We are given a matric A with m rows and n columns.
Ax$\large ^{\overrightarrow{}}$=B$\large ^{\overrightarrow{}}$ and B is a non zero vector.
Case 1.When m<n :
Lets take m =2 and n=3.We have 2 rows which means the three vectors are in R$\large ^{2}$.Since we have more than n linearly independent vectors in R$\large ^{n}$ space so these vectors are always linearly dependent.

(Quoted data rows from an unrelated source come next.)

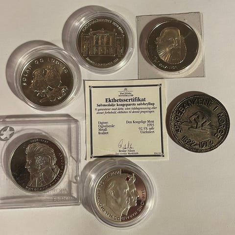 Sett med to medaljer i treskrin, hver medalje har profilbilder og tekst i relieff. Medaljene er plassert i et polert treskrin med beskrivende tekst på innsiden av lokket. Passer som samlerobjekt eller dekorasjon.
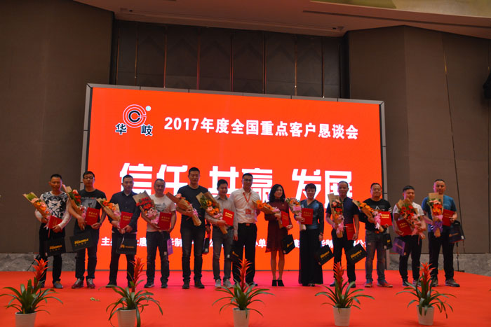 4月17日,唐山京华2017年度全国重点客户恳谈会在成都希尔顿大酒店召开。来自全国各地的120余家重点客户170余名代表应邀参加了会议。公司总经理温朝江、供销副总兼销售部长胡武、销售副部长吴红涛及部分销售骨干、驻外业务经理等40余人参会。协办单位成都彭州京华总经理包振升、供销副总胡万享、财务总监谭宁等10名主要领导干部出席会议。
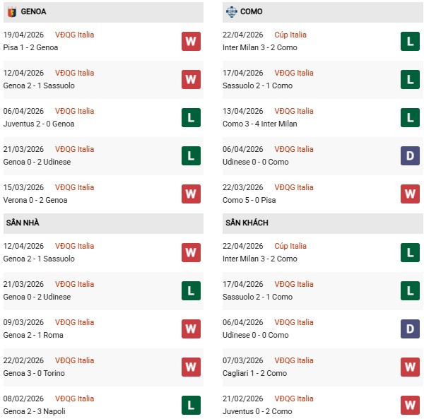 - Genoa thắng 1, hòa 4, thua 2 trong 7 trận gặp Como gần đây.
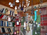 Окуджава долгое время был в опале, за границу его не выпускали. Когда же запрет был снят, он много ездил и привозил гравюры на память – они тоже висят в гостиной на стенах (Германия, Турция, Канада, Израиль). И из всех стран и поездок он привозил стихи, посвященные этим местам. Окуджаву очень любят японцы. Поют его песни, переводят стихи. Над столом на рыболовных крючках висит много колокольчиков. Они повсюду в доме, не только в кабинете. Первый подарила Белла Ахмадулина. К нему она приложила записочку: когда барин захочет призвать своего слугу, вы позвоните, и я к вам прибегу. С этого пошла традиция дарить Окуджаве колокольчики.

But if we have exactly 2 linearly independent vectors among the three we can fill the entire space of R$\large ^{2}$ ,then we can genearate any B$\large ^{\overrightarrow{}}$ but at the same time we will have a free variable so we will get infinitely many solutions.But if B$\large ^{\overrightarrow{}}$ is not in the linear combination of the columns of A then no solution exists foor the system.
Case 2.When m=n :
Lets take m=3 and n=3.So we have 3 rows in R$\large ^{3}$.If these three vectors are linearly independent so they will fill the entire space of R$\large ^{3}$ and we have a solution for any B$\large ^{{\overrightarrow{}}}$ and it will be a unique solution.If the three vectors aren’t linearly independent then we need to check if B$\large ^{{{}\overrightarrow{}}}$ is inn the linear combination of the columns of A.If it happens then we have infinite solutions else no solution is possible.
Case 3. When m>n:
Lets take m=3 and n=2 So we have 2 columns in R$\large ^{3}$ .So we can never fill the entire space of R$\large ^{3}$ .But if these two column vectors are linearly independent we can get unique solutions for the system iff B$\large ^{\overrightarrow{}}$ is in the linear combination of the columns of A,But if these vectors are linearly dependent then we will have infinitely many solutions given B$\large ^{\overrightarrow{}}$ is in the linear combination of the columns of A;else we will not have a solution for this system of equations.